I've never liked coating the dough with flour because it felt like I was wasting the part that got "dirty" and had to be thrown away.  I feel even more this way now that I mill my own flour.

plevee's picture
plevee

I have found that a little oil in the bowl seems to change the consitency of my sourdough for the better. I make exclusively sourdough; I mix the ingredients much like Tartine and after the autolyse and the incorporation of salt and extra water I knead in the bowl for a few minutes the trickle 2 tsp of oil round the edge of the bowl and continue to knead in the bowl.

There is an instant change in the consistency of the dough - it feels more developed.

Am I imagining things or is there an explanation for this?

Patsy

All at Sea's picture
All at Sea

... or bread for tomorrow?

If I'm baking bread for consumption that same day - or within 24 hours - then I may leave out the oil. Particularly if I want a lean dough with a good flakey, brittle crust. But for any bread that will be eaten for several days - I usually add oil - about 50-60g for 500 of flour - 10% in other words.
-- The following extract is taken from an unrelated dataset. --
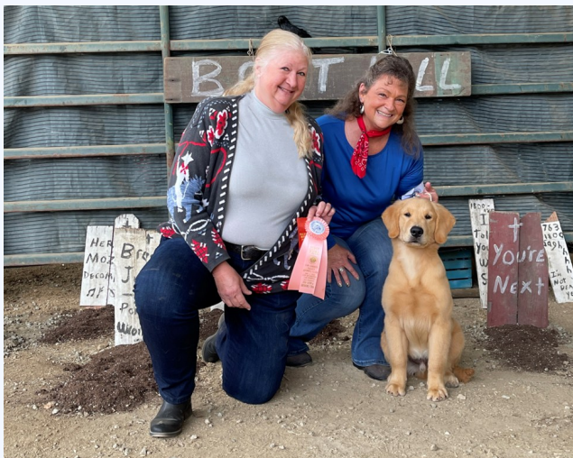
Sanders, Calico's Secret Recipe TKI

The reason being oil conditions dough and keeps it softer, stops it from drying out and staling quite so fast as dough without.

Oil is also a good flavour carrier and enhancer.

I always oil the proofing bowl even with lean doughs -  but only very, very lightly. It's just simpler. No sticking whatsoever. It also helps stop the surface of the dough from drying out as it proves. I'm afraid, I'm just not purist enough to flour, but again, must stress, the oil smear on the proofing bowl is miniscule - just enough to do the job.

That said, Bertinet, I notice, never oils the proofing bowl except for very high hydration doughs like ciabatta. Otherwise, he advocates flour every time.